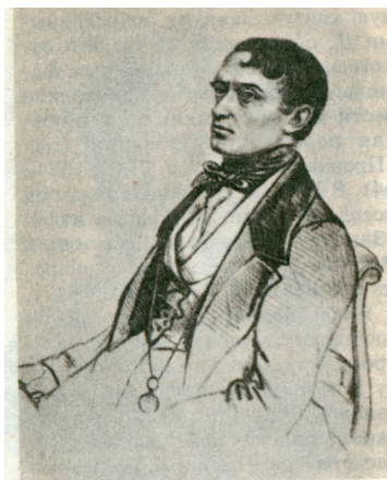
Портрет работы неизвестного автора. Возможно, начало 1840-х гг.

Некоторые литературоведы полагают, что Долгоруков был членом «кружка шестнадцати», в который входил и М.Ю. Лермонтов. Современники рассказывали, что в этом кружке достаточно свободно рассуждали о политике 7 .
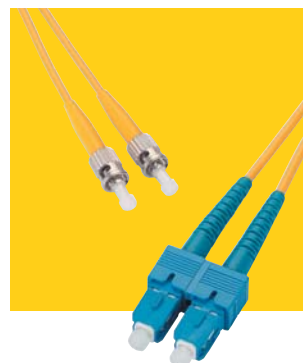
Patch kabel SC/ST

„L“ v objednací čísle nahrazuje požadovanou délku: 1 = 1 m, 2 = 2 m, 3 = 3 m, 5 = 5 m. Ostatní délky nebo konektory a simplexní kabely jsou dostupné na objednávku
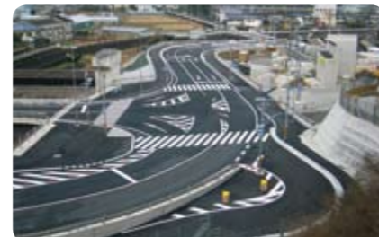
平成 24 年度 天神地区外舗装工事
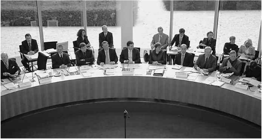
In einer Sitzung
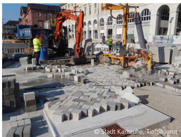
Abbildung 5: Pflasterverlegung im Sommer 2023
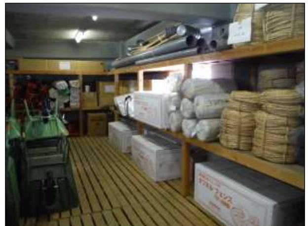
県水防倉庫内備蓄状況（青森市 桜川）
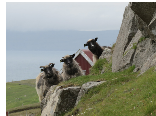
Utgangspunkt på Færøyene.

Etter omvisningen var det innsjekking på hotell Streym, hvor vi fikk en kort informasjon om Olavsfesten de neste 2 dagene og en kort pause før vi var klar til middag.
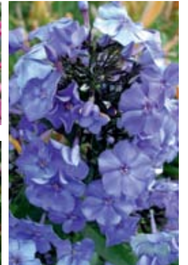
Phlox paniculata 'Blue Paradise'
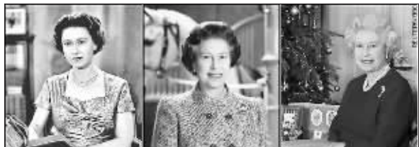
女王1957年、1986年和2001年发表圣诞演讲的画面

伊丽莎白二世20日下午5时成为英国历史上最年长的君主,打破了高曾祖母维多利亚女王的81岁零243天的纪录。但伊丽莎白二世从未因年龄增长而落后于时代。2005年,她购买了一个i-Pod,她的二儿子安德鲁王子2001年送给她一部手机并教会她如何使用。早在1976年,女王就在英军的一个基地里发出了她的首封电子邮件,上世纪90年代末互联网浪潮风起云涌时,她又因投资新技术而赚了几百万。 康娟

= = =

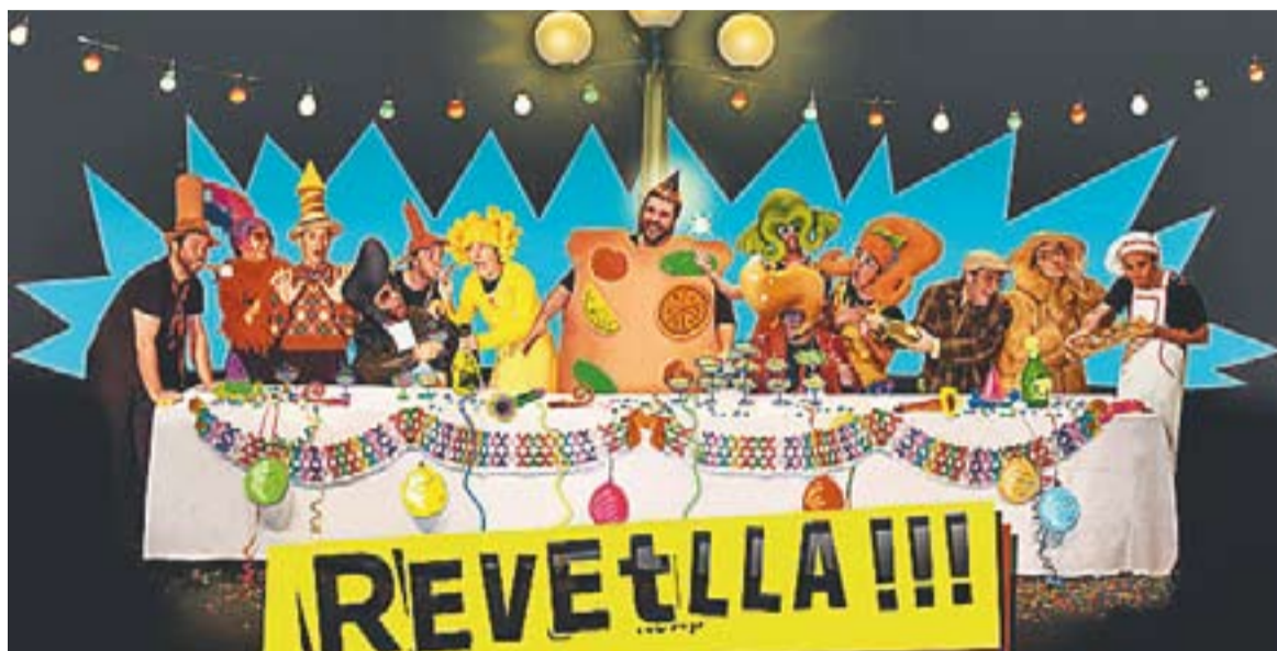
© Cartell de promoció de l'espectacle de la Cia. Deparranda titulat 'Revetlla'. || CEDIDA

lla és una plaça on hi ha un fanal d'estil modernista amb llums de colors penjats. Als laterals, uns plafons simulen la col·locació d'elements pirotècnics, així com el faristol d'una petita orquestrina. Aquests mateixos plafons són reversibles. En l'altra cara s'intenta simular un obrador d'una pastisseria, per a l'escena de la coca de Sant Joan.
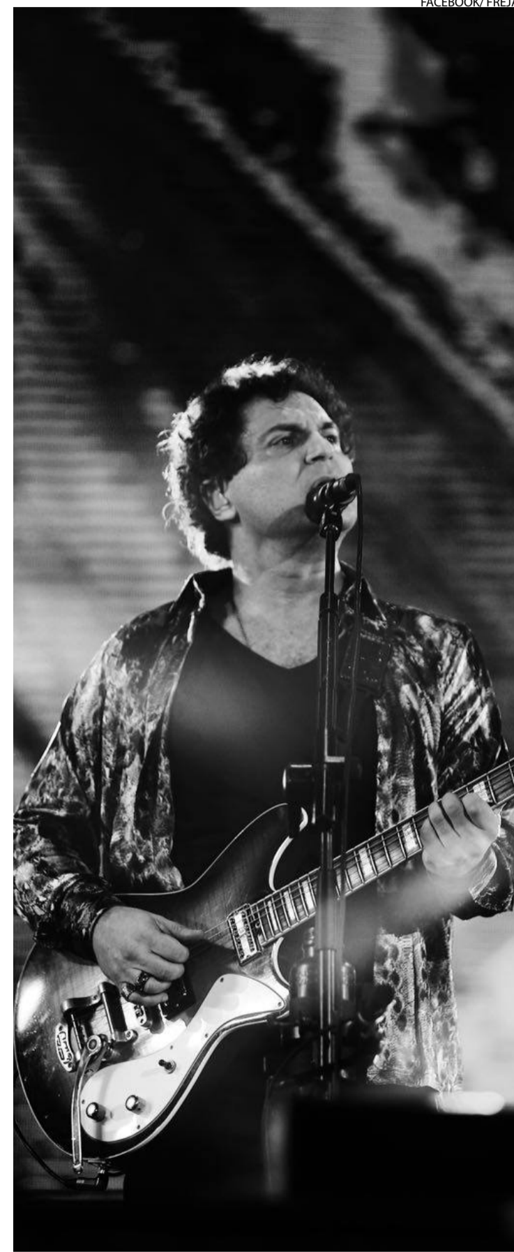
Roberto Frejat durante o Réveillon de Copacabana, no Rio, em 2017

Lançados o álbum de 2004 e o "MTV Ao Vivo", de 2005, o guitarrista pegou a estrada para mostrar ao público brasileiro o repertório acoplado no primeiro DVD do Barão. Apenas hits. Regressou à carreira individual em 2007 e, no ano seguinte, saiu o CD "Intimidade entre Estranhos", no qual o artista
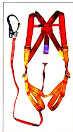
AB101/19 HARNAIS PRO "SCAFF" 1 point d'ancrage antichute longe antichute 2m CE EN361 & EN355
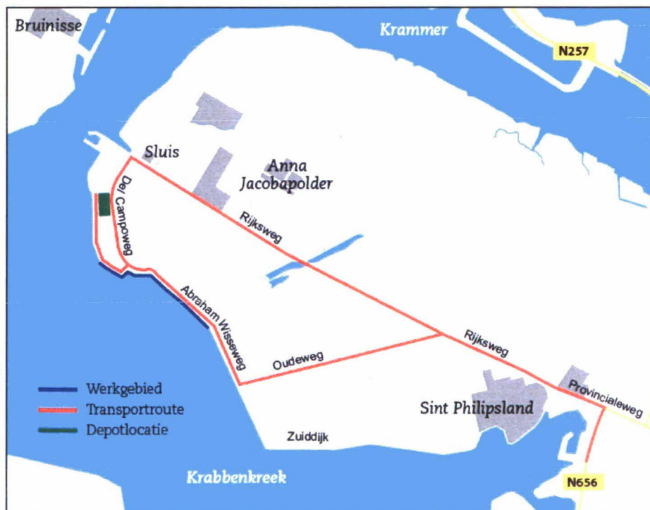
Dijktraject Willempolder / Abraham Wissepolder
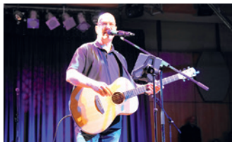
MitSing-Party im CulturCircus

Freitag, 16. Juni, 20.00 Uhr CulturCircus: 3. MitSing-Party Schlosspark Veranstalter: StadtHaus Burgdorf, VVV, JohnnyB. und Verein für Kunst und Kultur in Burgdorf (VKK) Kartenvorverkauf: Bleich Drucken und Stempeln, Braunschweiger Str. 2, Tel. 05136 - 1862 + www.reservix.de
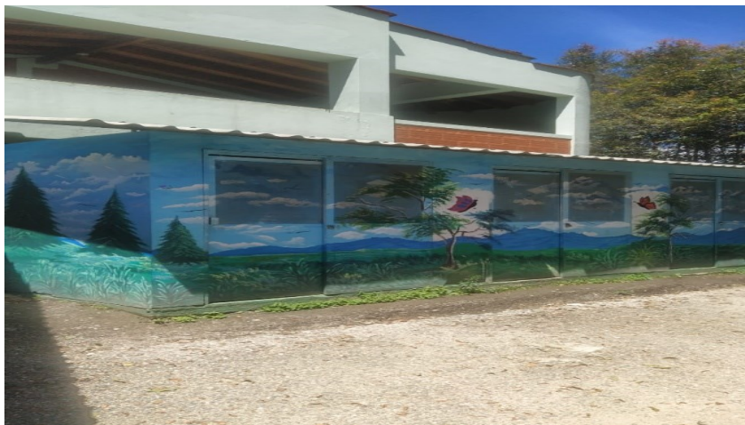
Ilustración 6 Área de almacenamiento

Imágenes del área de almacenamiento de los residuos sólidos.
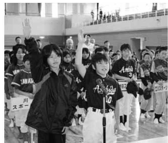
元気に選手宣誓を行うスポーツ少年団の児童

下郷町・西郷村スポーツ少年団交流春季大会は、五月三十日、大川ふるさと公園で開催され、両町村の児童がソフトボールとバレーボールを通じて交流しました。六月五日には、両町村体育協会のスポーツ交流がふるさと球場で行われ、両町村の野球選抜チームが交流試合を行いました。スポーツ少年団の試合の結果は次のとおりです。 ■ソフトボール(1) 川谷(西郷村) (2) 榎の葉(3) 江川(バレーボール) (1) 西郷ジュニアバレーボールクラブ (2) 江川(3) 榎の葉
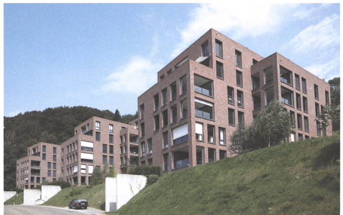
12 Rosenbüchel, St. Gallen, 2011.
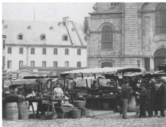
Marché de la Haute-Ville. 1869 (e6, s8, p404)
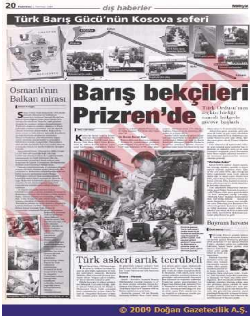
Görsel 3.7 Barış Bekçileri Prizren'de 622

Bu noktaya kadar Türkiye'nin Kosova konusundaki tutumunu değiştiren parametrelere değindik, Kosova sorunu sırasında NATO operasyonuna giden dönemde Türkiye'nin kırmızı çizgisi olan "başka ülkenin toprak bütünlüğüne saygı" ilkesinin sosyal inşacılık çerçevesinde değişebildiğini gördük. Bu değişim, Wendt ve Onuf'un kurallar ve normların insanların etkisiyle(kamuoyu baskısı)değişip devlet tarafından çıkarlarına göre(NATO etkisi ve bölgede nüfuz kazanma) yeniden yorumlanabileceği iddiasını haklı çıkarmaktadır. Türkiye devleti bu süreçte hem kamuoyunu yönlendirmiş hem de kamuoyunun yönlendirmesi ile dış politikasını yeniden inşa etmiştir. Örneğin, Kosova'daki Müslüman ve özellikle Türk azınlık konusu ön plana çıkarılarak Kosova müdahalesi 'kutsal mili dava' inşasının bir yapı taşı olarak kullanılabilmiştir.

= = =

* _The problem_
Give back exactly the lines above from the one with "AB101/19 HARNAIS PRO" through the one with "(2) 江川(3) 榎の葉", both included. Pictures don't belong in the copy.

* _Solution to the exercise_
AB101/19 HARNAIS PRO "SCAFF" 1 point d'ancrage antichute longe antichute 2m CE EN361 & EN355
Dijktraject Willempolder / Abraham Wissepolder
MitSing-Party im CulturCircus

Freitag, 16. Juni, 20.00 Uhr CulturCircus: 3. MitSing-Party Schlosspark Veranstalter: StadtHaus Burgdorf, VVV, JohnnyB. und Verein für Kunst und Kultur in Burgdorf (VKK) Kartenvorverkauf: Bleich Drucken und Stempeln, Braunschweiger Str. 2, Tel. 05136 - 1862 + www.reservix.de
Ilustración 6 Área de almacenamiento

Imágenes del área de almacenamiento de los residuos sólidos.
元気に選手宣誓を行うスポーツ少年団の児童

下郷町・西郷村スポーツ少年団交流春季大会は、五月三十日、大川ふるさと公園で開催され、両町村の児童がソフトボールとバレーボールを通じて交流しました。六月五日には、両町村体育協会のスポーツ交流がふるさと球場で行われ、両町村の野球選抜チームが交流試合を行いました。スポーツ少年団の試合の結果は次のとおりです。 ■ソフトボール(1) 川谷(西郷村) (2) 榎の葉(3) 江川(バレーボール) (1) 西郷ジュニアバレーボールクラブ (2) 江川(3) 榎の葉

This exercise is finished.